## Exercise goal
Without including any pictures, write out all the entries exactly.

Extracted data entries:
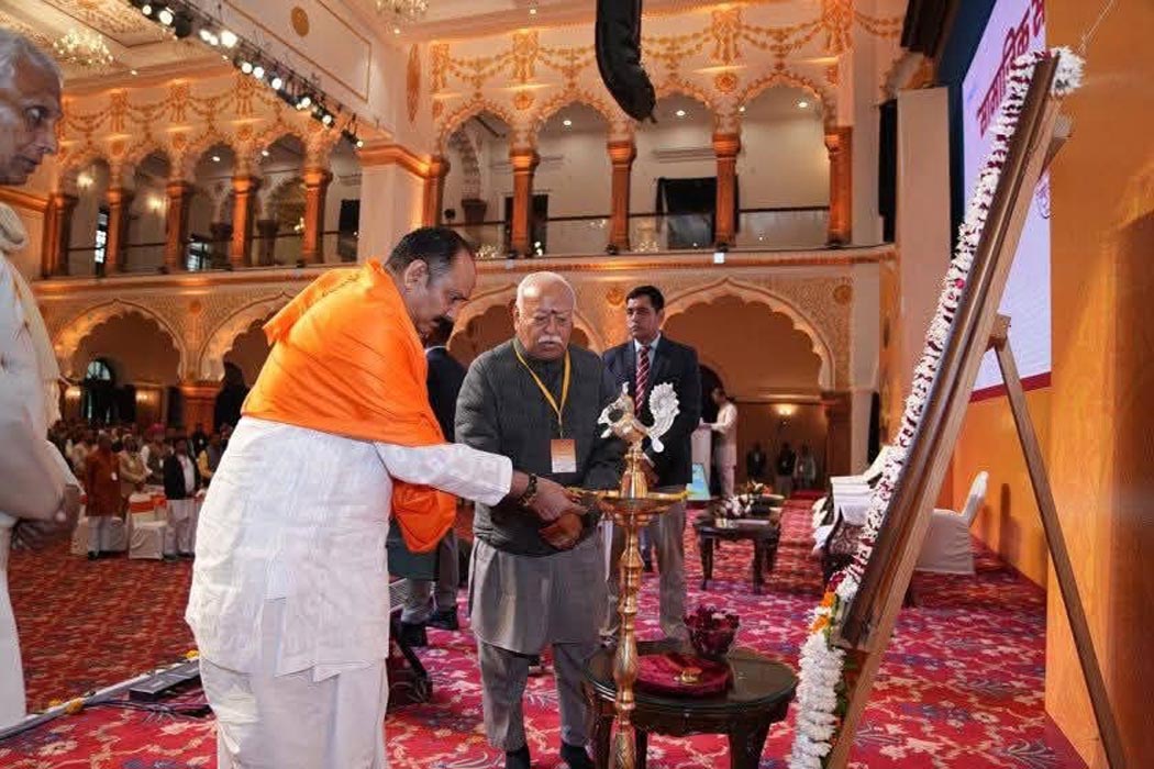 सीहोर। राजधानी भोपाल में राष्ट्रीय स्वयंसेवक संघ द्वारा आयोजित सामाजिक सद्भाव बैठक का शुभारंभ हुआ। कार्यक्रम में विश्व पटल पर श्री शिवाय नमस्तुभ्यं के मंत्र की अलख जगाने वाले और सीहोर की शान अंतरराष्ट्रीय कथावाचक पंडित प्रदीप मिश्रा मुख्य अतिथि के रूप में सम्मिलित हुए। कार्यक्रम की शुरुआत सरसंघचालक डॉ. मोहन भागवत और पंडित प्रदीप मिश्रा द्वारा संयुक्त रूप से दीप प्रज्वलित कर की गई।
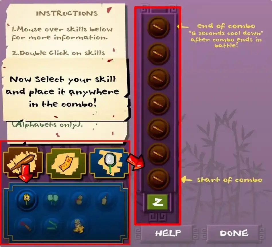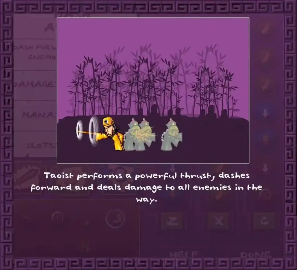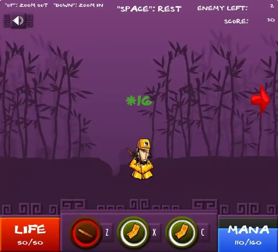 游戏的操作也十分简单,↑↓控制视野缩放,←→进行移动,空格可以打坐回魔(恢复血量和法力值),Z进行攻击(后续会解锁X和C的技能编辑条),有趣的是攻击方式是可以自己编辑的,调整一套属于自己的攻击套路可以做到事半功倍哦!
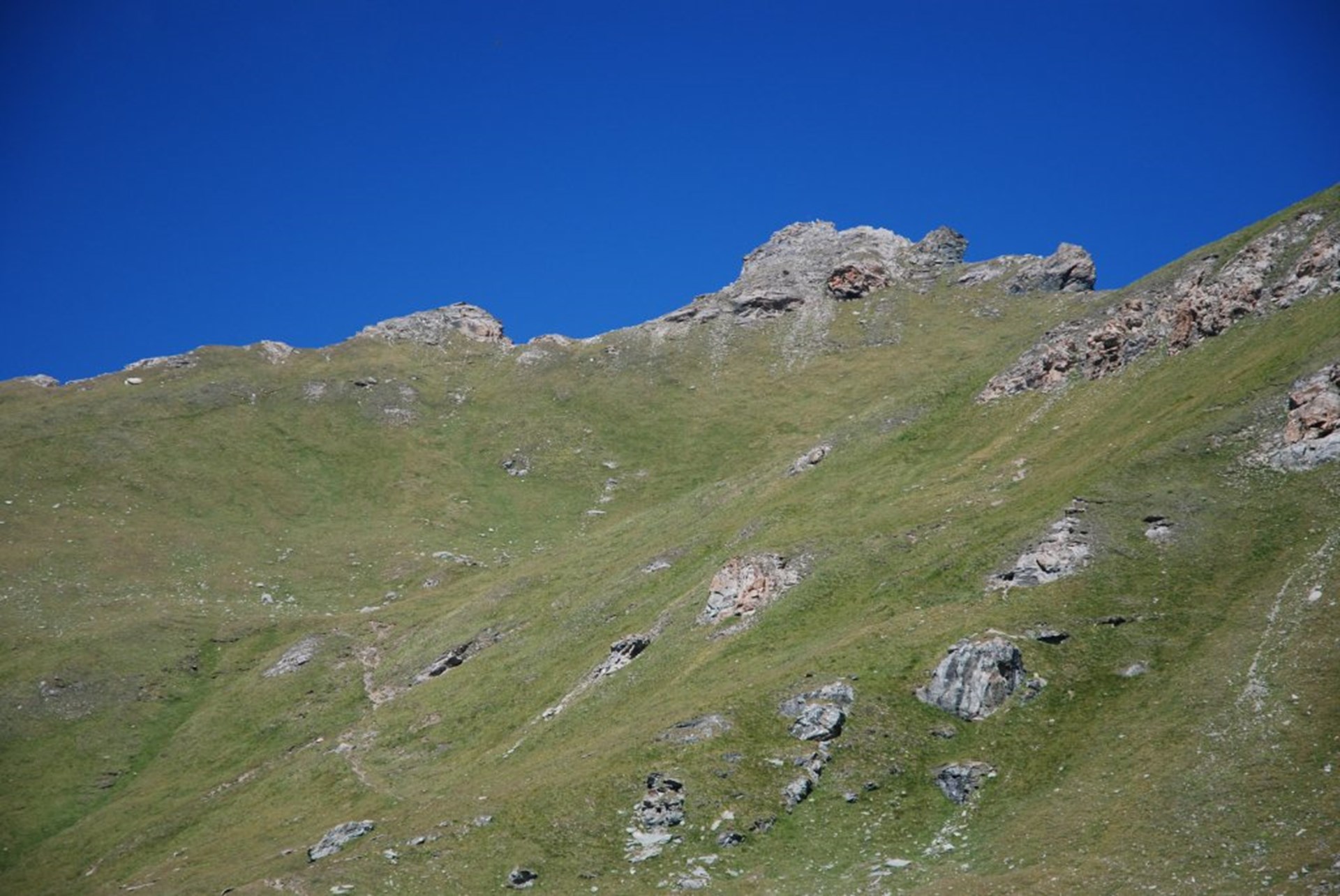 After the basin, the trail gets steeper, goes over a rocky leap and enters a small channel next to the stream, finally leading onto a large grassy basin called Pâturage de l’Aran (2660m).
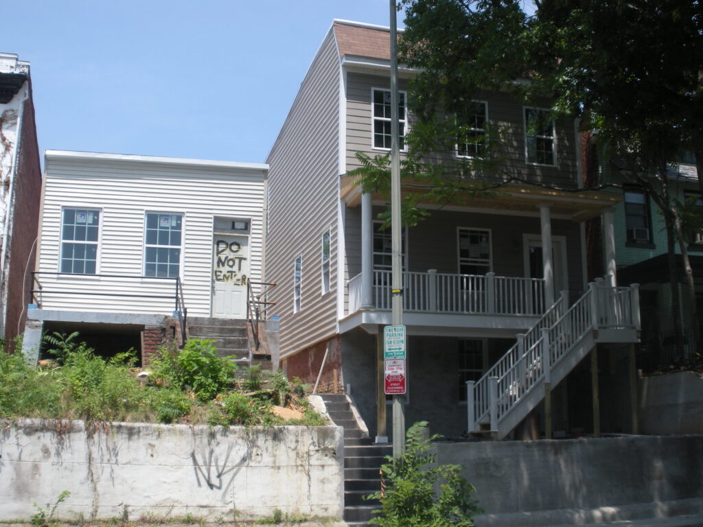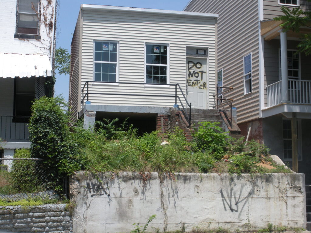 The shells on the 600 Block of Irving Street, NW are getting fixed up. There were some wild looking ones not too long ago. The house on the right looks pretty good. But I’m totally confused by the house on the left. It is only one story and does not go back very far. What’s the deal with the one on the left?
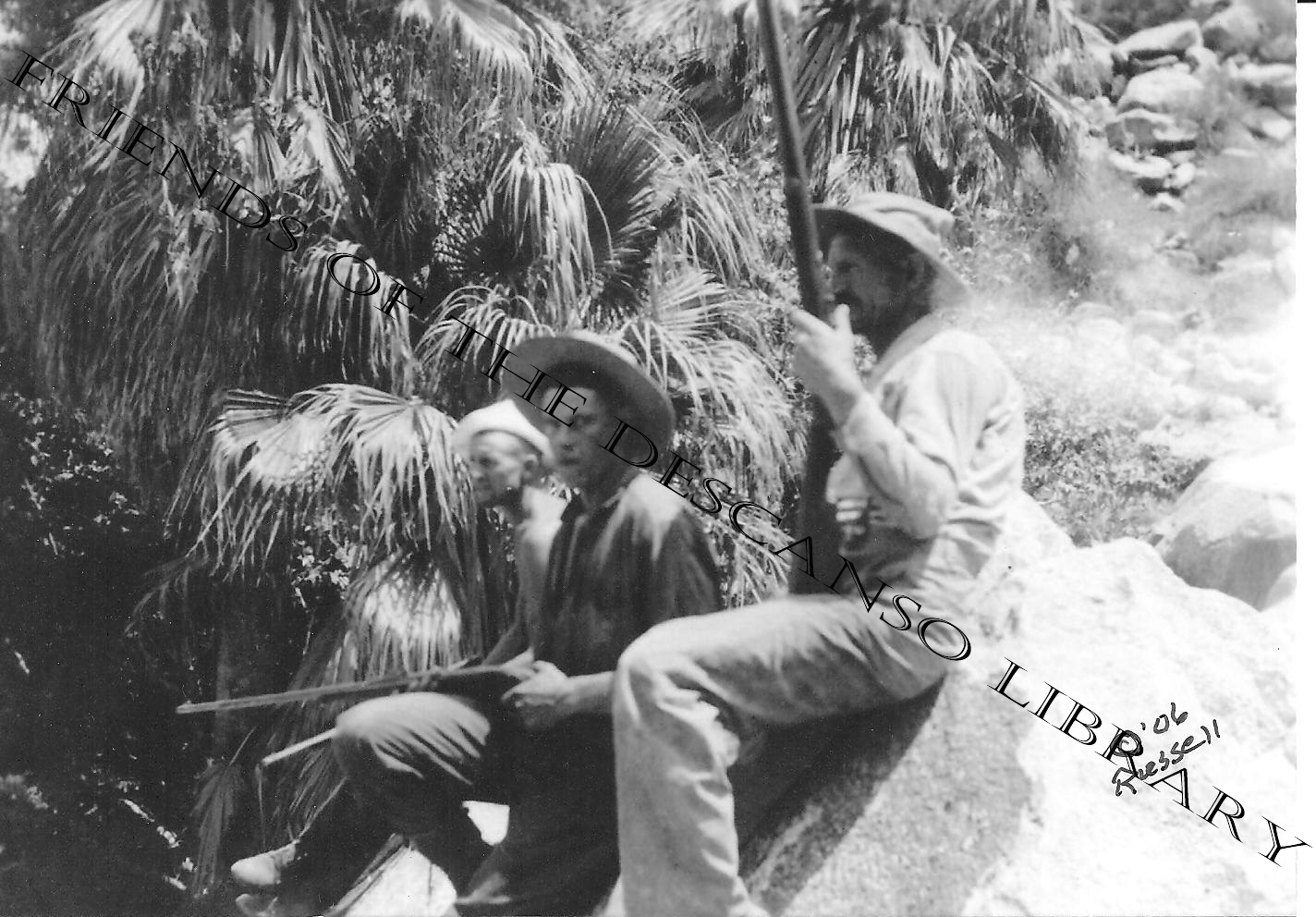 Lion Hunting in 'Hell Hole' canyon, south of Palm Canyon in what will later become the Anza Borrego State Park, 1918. The hunt was unsuccessful!
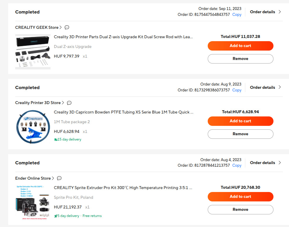 Csatoltam az aliexpress-es rendeleseket, a BLTouch viszont alzas volt, ahogy a PEI lap is.

## Exercise answer
 सीहोर। राजधानी भोपाल में राष्ट्रीय स्वयंसेवक संघ द्वारा आयोजित सामाजिक सद्भाव बैठक का शुभारंभ हुआ। कार्यक्रम में विश्व पटल पर श्री शिवाय नमस्तुभ्यं के मंत्र की अलख जगाने वाले और सीहोर की शान अंतरराष्ट्रीय कथावाचक पंडित प्रदीप मिश्रा मुख्य अतिथि के रूप में सम्मिलित हुए। कार्यक्रम की शुरुआत सरसंघचालक डॉ. मोहन भागवत और पंडित प्रदीप मिश्रा द्वारा संयुक्त रूप से दीप प्रज्वलित कर की गई।
 游戏的操作也十分简单,↑↓控制视野缩放,←→进行移动,空格可以打坐回魔(恢复血量和法力值),Z进行攻击(后续会解锁X和C的技能编辑条),有趣的是攻击方式是可以自己编辑的,调整一套属于自己的攻击套路可以做到事半功倍哦!
 After the basin, the trail gets steeper, goes over a rocky leap and enters a small channel next to the stream, finally leading onto a large grassy basin called Pâturage de l’Aran (2660m).
 The shells on the 600 Block of Irving Street, NW are getting fixed up. There were some wild looking ones not too long ago. The house on the right looks pretty good. But I’m totally confused by the house on the left. It is only one story and does not go back very far. What’s the deal with the one on the left?
 Lion Hunting in 'Hell Hole' canyon, south of Palm Canyon in what will later become the Anza Borrego State Park, 1918. The hunt was unsuccessful!
 Csatoltam az aliexpress-es rendeleseket, a BLTouch viszont alzas volt, ahogy a PEI lap is.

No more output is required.